Destruction and Excitation of Accreted Nuclei in Neutron Star Atmospheres: Gamma Ray Lines and X-Ray Bursts.

We describe the fate of incident ^ {12}C, ¹⁴ N, and ¹⁶O in accreting neutron star atmospheres. When the accreting material is stopped by Coulomb collisions with atmospheric electrons, all incoming elements heavier than Helium thermalize at higher altitudes in the atmosphere than the accreting protons. The incoming protons and Helium then destroy the elements via nuclear spallation reactions. A small fraction of the nuclear reactions cause nuclear excitation and subsequent gamma-ray emission. The probability for a nucleus to survive this bombardment depends on how long it spends in the hazardous region of the atmosphere. For typical accretion rates, the nucleus resides in the hazardous region for many destruction times, and therefore has a small survival probability. We calculate the fractions of incident ¹²C, ¹⁴N, and ^{16 }O that survive proton bombardment as a function of the accretion rate, and the mass and radius of the neutron star. The subsequent paucity of CNO nuclei decreases Hydrogen burning rates in the deep regions of the atmosphere, thereby reducing the amount of Helium available for the unstable nuclear flashes that cause Type I X-ray bursts. X-ray bursts still occur, but are predominantly of the mixed Hydrogen/Helium type first outlined by Taam and Picklum (1979). We also determined the gamma -ray line emission from this collisional deceleration scenario. For accretion of material with solar abundances of CNO elements, the flux in the 4.438 MeV gamma-ray line is always far below the observational limits of the Gamma-Ray Observatory (GRO).
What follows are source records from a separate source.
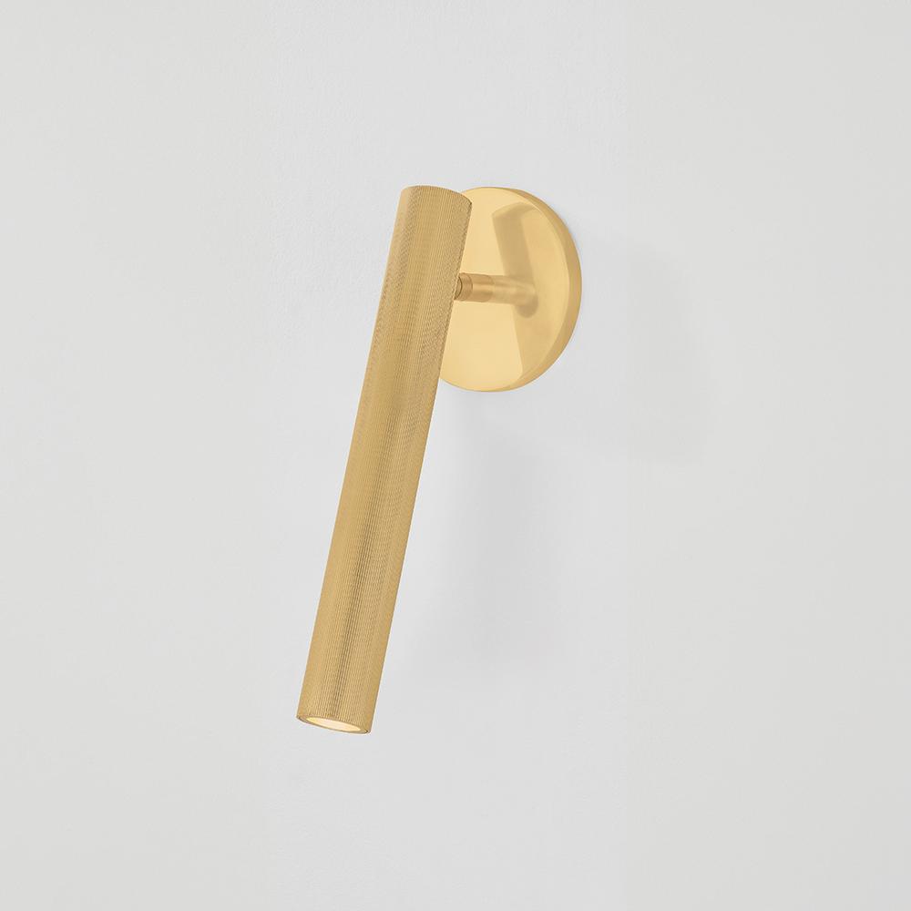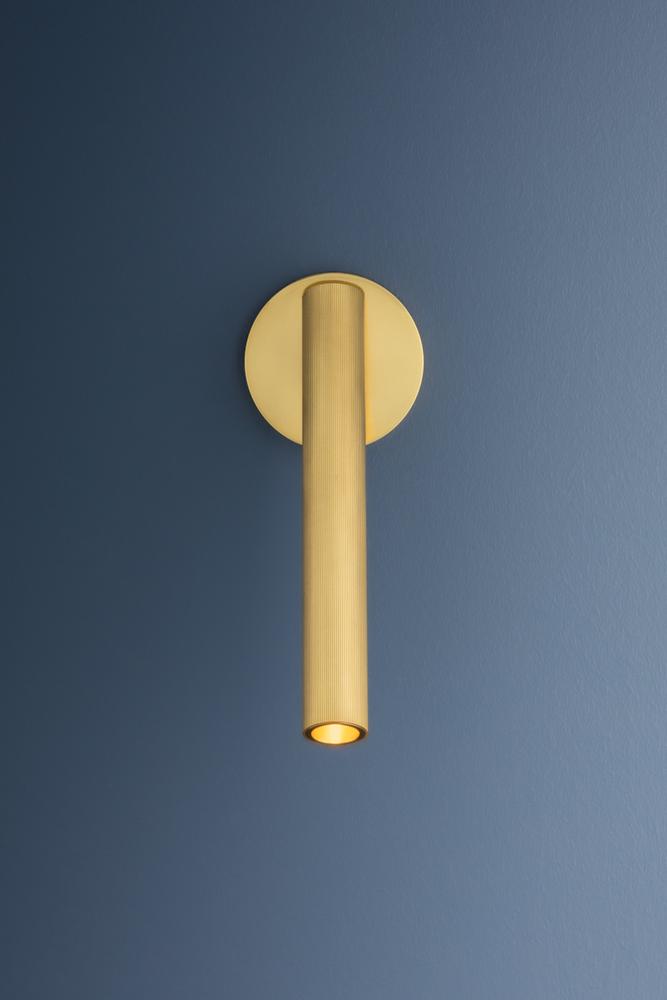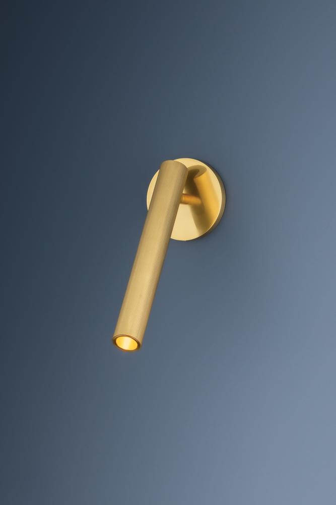 Integrated with CSL’s ‘Whisper’ technology, Simeon offers peak functionality in a streamlined sconce format. While understated, a level of style is achieved with the extruded ribbing on the Aged Brass articulating shade. Within this elongated silhouette, an LED light source and acrylic diffuser work together to create a powerful, glare-free spotlight that can be directed as needed. Highly versatile, Simeon can be mounted on either a wall or ceiling.
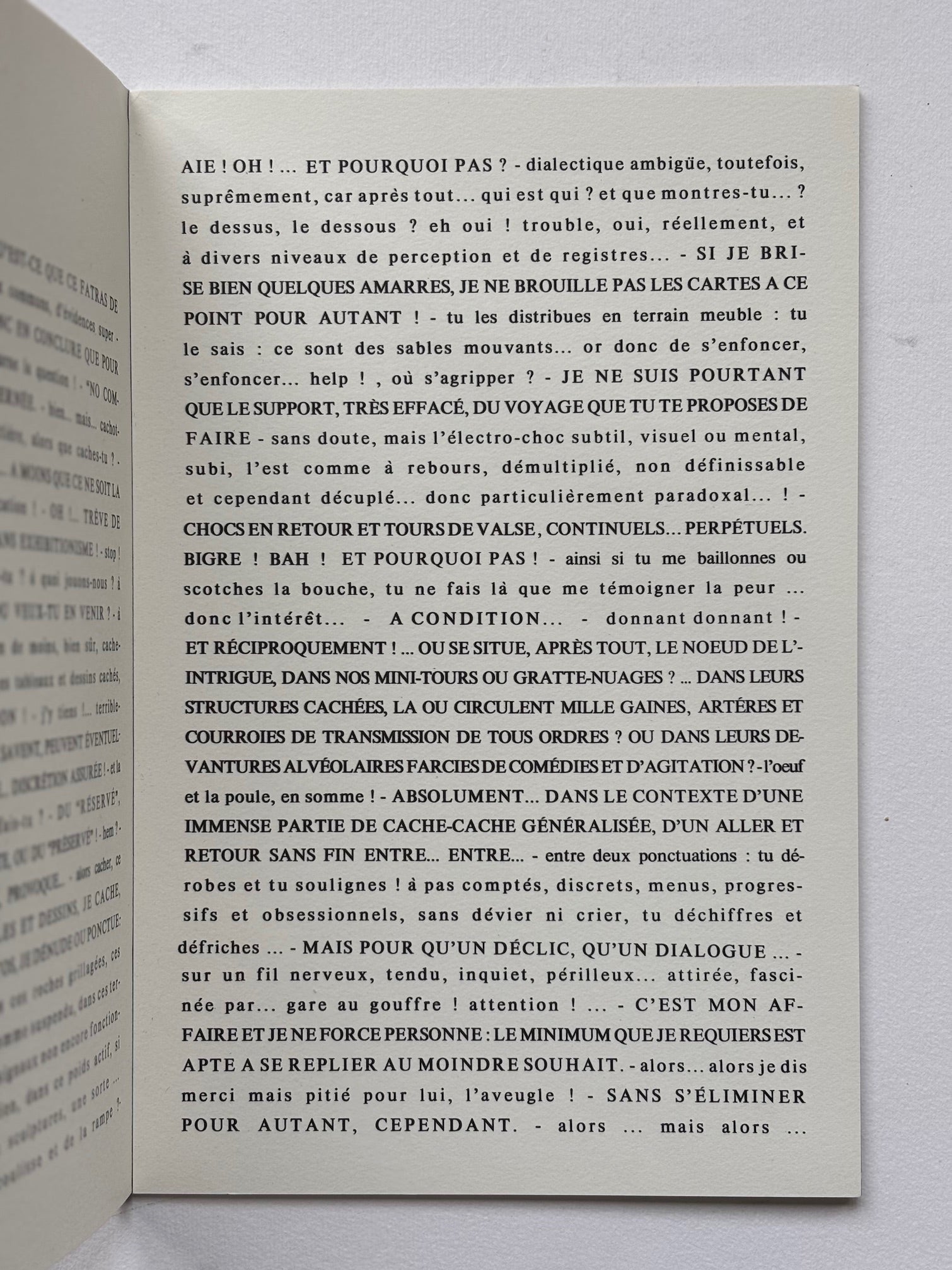 One of the 50 signed - by both Françoise JANICOT and Bernard HEIDSECK - and numbered copies of the special edition, with a loosely laid-in signed and numbered collage/montage by Françoise JANICOT. Text in three parts by HEIDSECK, written in
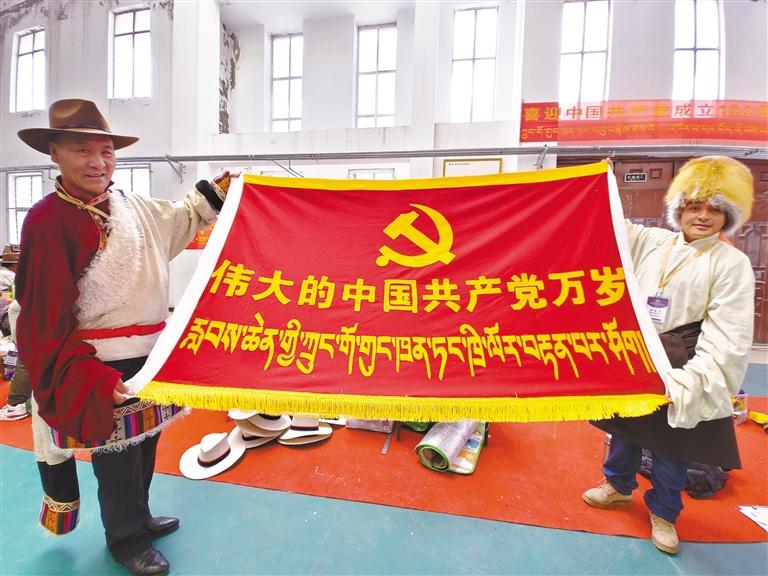 也有不少牧民,希望把藏北牧民愛黨愛國(guó)愛家鄉(xiāng)的熱情注入到傳統(tǒng)工藝當(dāng)中。在比賽現(xiàn)場(chǎng),記者看到很多牧民在傳統(tǒng)的氆氌和背包上刺繡、拼貼出黨徽、國(guó)旗、天安門等圖案,或繡出“偉大的中國(guó)共產(chǎn)黨萬(wàn)歲”“鄉(xiāng)村振興那曲奮進(jìn)”等字樣。
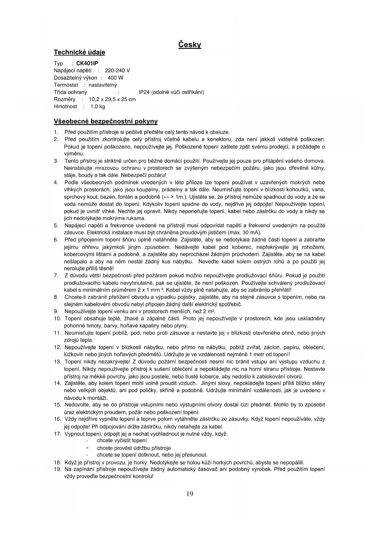 CK401IP - Elektrické vytápění Eurom - Bezplatný návod k obsluze
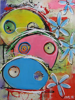 Saline. Figurkomposition, Happiness is not about getting what we want...its about appreciating what we have, akryl på lærred. Sign. Saline. 100 x 100 cm. Läs mer...

We outline other gamma-ray emission processes that might be observable to GRO. Many previously unaddressed properties of an accreting neutron star atmosphere prove important when solving the heavy element diffusion problem. Specifically, we show that the incident electrons are crucial in determining the macroscopic electric field present in the atmosphere. We briefly discuss how our results are modified in the high magnetic field environments (B _sp {~}> 10^{12 } G) of X-ray pulsars. Alternative stopping scenarios such as collisionless shocks and disk accretion are also discussed.